Febuxostat, which like allopurinol, blocks the production of uric acid, has been shown to raise the risk of death from cardiovascular events. Consequently, doctors only prescribe it for people who can’t take allopurinol or another alternative.
In contrast, colchicine and allopurinol may offer some protection. Colchicine is an anti-inflammatory drug used to treat gout attacks and prevent future flare-ups. Canadian researchers found that giving colchicine to patients who had just had a heart attack reduced the risk of severe cardiovascular events (such as another heart attack or cardiac arrest) by almost a third. Other large studies support this figure, prompting doctors to explore the possibility of using colchicine in patients who have had or are at risk of a heart attack.

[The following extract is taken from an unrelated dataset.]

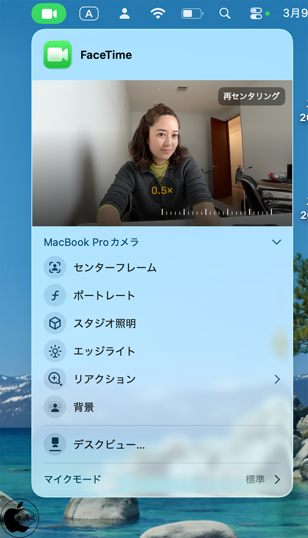 MacBook Pro (14-inch, M5 Pro, 2026)は、12MPフロントカメラが継続採用され、iPhoneの連携カメラと同様に、0.5〜3倍のズームコントロールが出来るようになっています。

Allopurinol, the most widely used drug to reduce uric acid levels in people with gout, appears to reduce the risk of a heart attack by about 20%. The effect is greater with higher doses and a longer time on treatment with allopurinol.

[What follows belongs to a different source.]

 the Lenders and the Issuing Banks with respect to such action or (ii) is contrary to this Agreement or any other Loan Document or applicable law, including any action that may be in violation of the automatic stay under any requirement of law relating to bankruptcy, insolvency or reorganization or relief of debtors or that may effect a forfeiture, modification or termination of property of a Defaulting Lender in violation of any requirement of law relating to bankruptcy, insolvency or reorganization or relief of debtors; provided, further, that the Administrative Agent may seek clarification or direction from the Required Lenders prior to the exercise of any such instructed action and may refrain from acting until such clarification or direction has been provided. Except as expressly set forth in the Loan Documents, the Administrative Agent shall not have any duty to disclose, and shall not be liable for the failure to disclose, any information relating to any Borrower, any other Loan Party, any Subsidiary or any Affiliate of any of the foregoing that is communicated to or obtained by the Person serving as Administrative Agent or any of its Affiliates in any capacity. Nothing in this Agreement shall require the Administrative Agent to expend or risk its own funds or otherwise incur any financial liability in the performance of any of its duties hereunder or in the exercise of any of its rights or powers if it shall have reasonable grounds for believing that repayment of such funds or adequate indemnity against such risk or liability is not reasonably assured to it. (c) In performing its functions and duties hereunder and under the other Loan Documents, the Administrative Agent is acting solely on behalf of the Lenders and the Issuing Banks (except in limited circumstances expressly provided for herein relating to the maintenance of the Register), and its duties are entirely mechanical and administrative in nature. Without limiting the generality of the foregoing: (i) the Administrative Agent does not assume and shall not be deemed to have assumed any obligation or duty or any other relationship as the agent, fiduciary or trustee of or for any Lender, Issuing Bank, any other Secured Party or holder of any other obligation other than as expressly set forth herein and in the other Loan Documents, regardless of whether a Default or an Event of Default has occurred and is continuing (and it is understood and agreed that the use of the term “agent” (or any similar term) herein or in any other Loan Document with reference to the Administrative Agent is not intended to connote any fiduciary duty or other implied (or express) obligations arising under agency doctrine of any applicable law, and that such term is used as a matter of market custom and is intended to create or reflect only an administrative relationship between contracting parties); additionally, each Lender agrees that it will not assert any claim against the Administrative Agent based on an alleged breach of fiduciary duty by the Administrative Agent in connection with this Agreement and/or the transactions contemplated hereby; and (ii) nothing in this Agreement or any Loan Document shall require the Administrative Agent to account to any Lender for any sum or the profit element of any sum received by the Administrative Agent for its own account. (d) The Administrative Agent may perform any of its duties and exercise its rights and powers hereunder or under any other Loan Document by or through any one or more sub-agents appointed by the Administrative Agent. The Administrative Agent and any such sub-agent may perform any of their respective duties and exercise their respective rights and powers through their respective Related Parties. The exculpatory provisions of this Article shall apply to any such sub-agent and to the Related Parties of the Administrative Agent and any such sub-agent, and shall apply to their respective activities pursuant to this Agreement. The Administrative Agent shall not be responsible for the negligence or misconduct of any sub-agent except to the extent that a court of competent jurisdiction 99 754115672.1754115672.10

If you have gout, what does this mean for you?
Given how painful most gout flare-ups are, you probably don’t need much convincing that you should reduce the risk of future attacks. This new information just makes that even more urgent.
Most people with gout will have other risks factors for heart attacks and strokes, such as:
- Being overweight
- Having high blood pressure
- Having abnormal blood lipids (cholesterol)
- Smoking
You need to take this risk very seriously. The good news is that you can simultaneously reduce the chances of gout attacks, heart attacks and strokes by making the same lifestyle changes and checking with your doctor to ensure you are on optimal treatment.

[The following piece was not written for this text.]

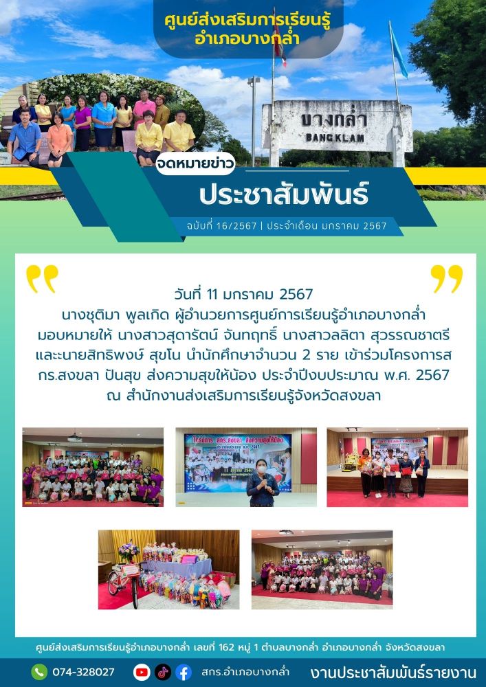 ศูนย์ สกร.ระดับอำเภอบางกล่ำ วันที่ 11 มกราคม 2567 นางชุติมา พูลเกิด ผู้อำนวยการศูนย์การเรียนรู้อำเภอบางกล่ำ มอบหมายให้ นางสาวสุดารัตน์ จันทฤทธิ์ นางสาวลลิตา สุวรรณชาตรี และะนายสิทธิพงษ์ สุขโน นำนักศึกษาจำนวน 2 ราย เข้าร่วมโครงการสกร.สงขลา ปันสุข ส่งความสุขให้น้อง ประจำปีงบประมาณ พ

What can you do to reduce your risk?
There are several steps you can take to reduce your chances of gout flare-ups, heart attacks and strokes:
- Stop smoking.
- Get down to a healthy weight.
- Eat a diet rich in fruits and vegetables.
- Take any medicines prescribed for gout correctly and regularly.
- See your doctor and get the following measurements checked. If they are high, talk to your doctor about treatment:
- Your blood pressure
- Your blood lipids (cholesterol)
- Your blood uric acid level
- Follow all the usual recommendations to avoid a gout flare-up:
- Avoid purine-rich foods
- Drink lots of fluids
- Minimise your alcohol consumption
You’ve seen all these recommendations before, and it’s easy to become complacent, but your future really is in your hands.
Take action today. Add these recommendations to your to-do list or diary, post them on your fridge door, and make an appointment to see your doctor. Choose a healthier future today!

Really interesting. I have gout flares and try and manage with colchine but it soon starts to upset me. I have been prescribed allupurinol for long term use so after reading this article I feel prompted to take it when gout flare has subsided.
You’re right, Diana. Colchicine has what we call a narrow therapeutic window. There’s very little room between an effective dose and one that causes side effects.
If you’ve been prescribed allopurinol, you’re lucky. Only about a third of people with gout in the UK get a medicine like allopurinol to lower the uric acid in their body. Without it, although colchicine or non-steroidal anti-inflammatories treat an acute attack, the uric acid keeps building up in the joints and other tissues, causing damage and storing up problems for the future.
Ask your doctor to check your uric acid levels at intervals once you start. In a US study, only 20% of people on allopurinol ever reached their target uric acid level. Another 20% didn’t achieve their target level, and fully 60% never had their uric acid level measured! It’s not for no reason that gout has been described as one of the worst-treated chronic diseases. It’s important to push for the best care.